● Task to carry out:
Leaving out every picture, please repeat exactly the line that contains "Die drei großen" and each line after it through the final line below.

[Records from a dataset]
-*-

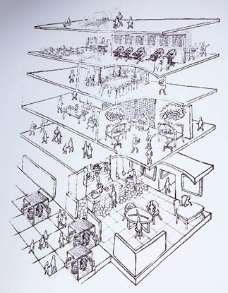 绿色改造后的建筑,以回归建筑本身为理念,运用了包括优化外围护结构、雨水回收、屋顶绿化、屋顶光伏发电、高效空调、高效照明、绿色建材、分项计量系统等诸多绿色节能生态设计。在外观上,建筑的表皮由深色装饰混凝土形成的波浪曲面组成,看似随机无规则的波浪形态由几种固定的基本形态拼贴在一起,形成了丰富的立面效果,也起到了保温防暑的功效。外立面颜色随着光线而发生微妙的变化,正午与晚霞,建筑会展现出不同的样貌。起伏的波浪和之间的阴影,足以支撑起一个表情丰富的建筑。立面也延续到建筑室内,公共空间,包括门厅、走廊的墙壁,都继续呈现出波浪状起伏的混凝土板的语境。而出彩之笔,莫过于门厅中3D打印的混凝土壁画,呈现了上海和意大利主要城市的地标建筑天际线。在功能性方面,中心将设立办公室、教室、展厅、咖啡厅、图书室等公共空间,以及中意绿色节能建筑实验室、中意创新实验室、屋顶花园等创意性空间,为校园贡献了一座值得细细品味的珍宝。运筹二字,典出《史记》,原意指谋兵布阵。运筹楼原为BETVICTOR经济与管理公司大楼,意为统筹规划,优化决策。改建之后,旧词新解,意为筹谋帷幄之中,决胜千里之外,共图全球可持续发展。
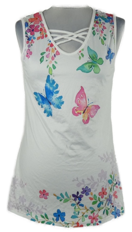 Dámsky biely top s motýlikmi a zkříženým výstřihem
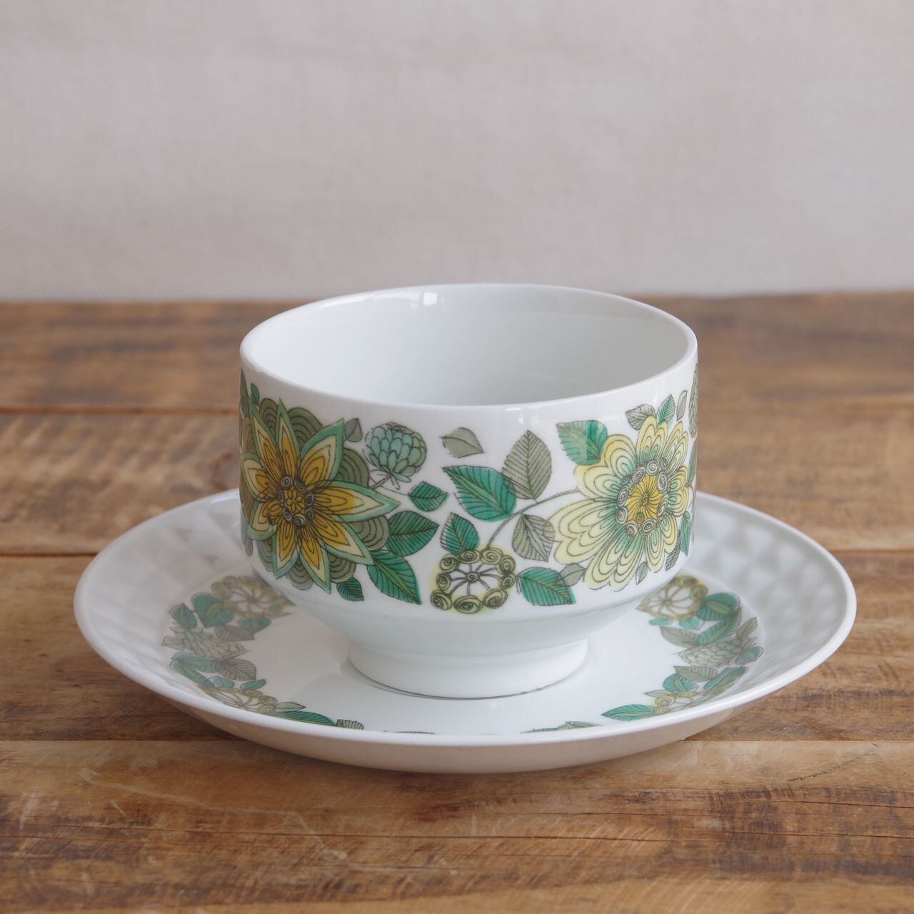 スペイン製 PONTESA ポンテサ グリーン 花柄 ティーカップ&ソーサー #250703-2 ボタニカル レトロ 陶器 ヴィンテージ食器 シロツメクサ コーヒーカップ The Castillian Collection Sevilla セビリア
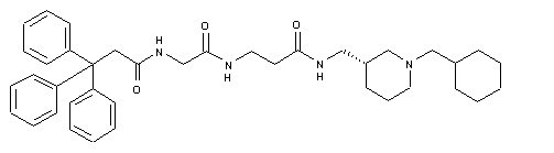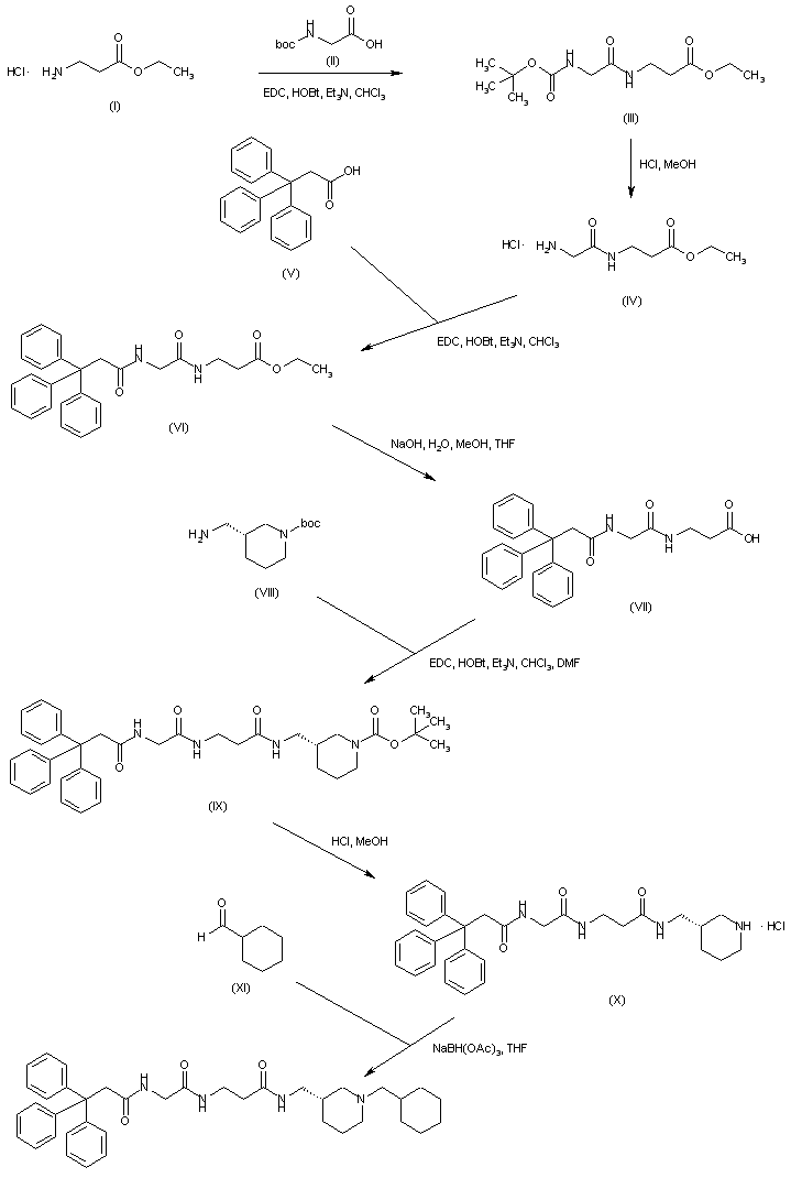 Coupling between ethyl 3-aminopropionate (I) and N-Boc-glycine (II) by means of EDC and HOBt affords the protected dipeptide (III). After acidic Boc group cleavage in (III), the N-deprotected dipeptide (IV) is acylated by 3,3,3-triphenylpropionic acid (V) to produce amide (VI). Saponification of the ethyl ester group of (VI) yields acid (VII). This is coupled with (R)-1-Boc-3-(aminomethyl)piperidine (VIII) to afford amide (IX), which is further subjected to acidic N-Boc group cleavage. The resultant piperidine derivative (X) is then reductively condensed with cyclohexanecarboxaldehyde (XI) in the presence of NaBH(OAc)3 to furnish the title compound.
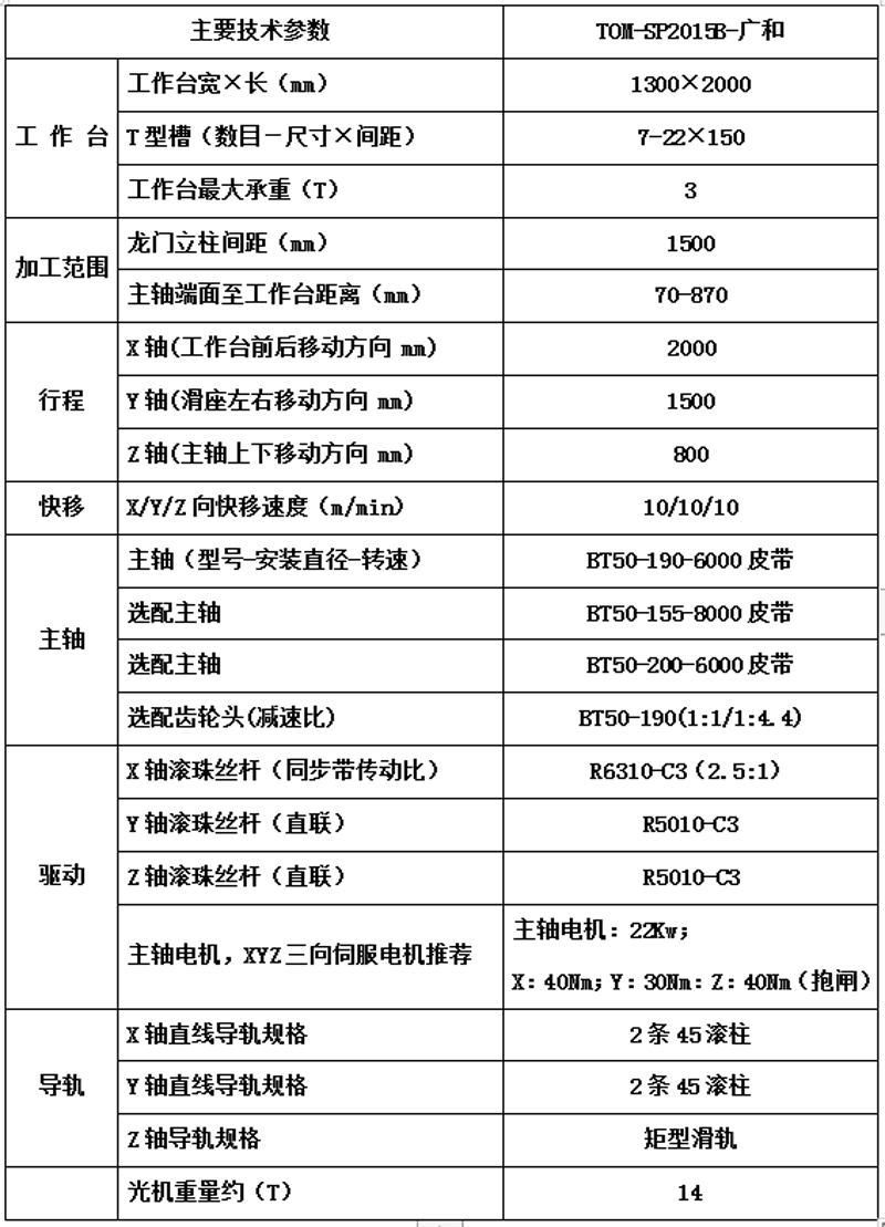 光机技术参数
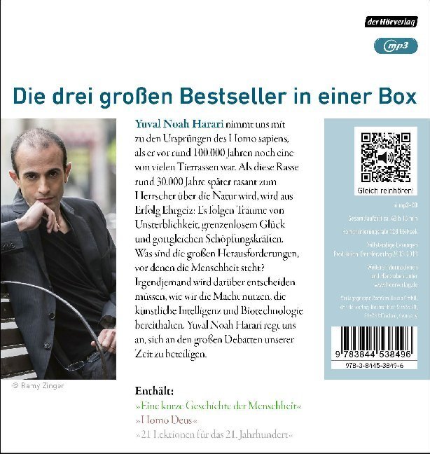 Die drei großen Bestseller von Yuval Harari zum Sonderpreis! Harari nimmt uns mit zu den Ursprüngen des Homo Sapiens, als er vor rund 100.000 Jahren noch eine von vielen Tierrassen war. Als diese Rasse rund 30.000 Jahre später rasant zum Herrscher über die Nat...
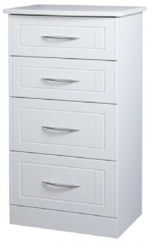 4 drawer midi chest Metal runners on drawers Available in white or cream |

-*-

● Answer for this exercise:
 Die drei großen Bestseller von Yuval Harari zum Sonderpreis! Harari nimmt uns mit zu den Ursprüngen des Homo Sapiens, als er vor rund 100.000 Jahren noch eine von vielen Tierrassen war. Als diese Rasse rund 30.000 Jahre später rasant zum Herrscher über die Nat...
 4 drawer midi chest Metal runners on drawers Available in white or cream |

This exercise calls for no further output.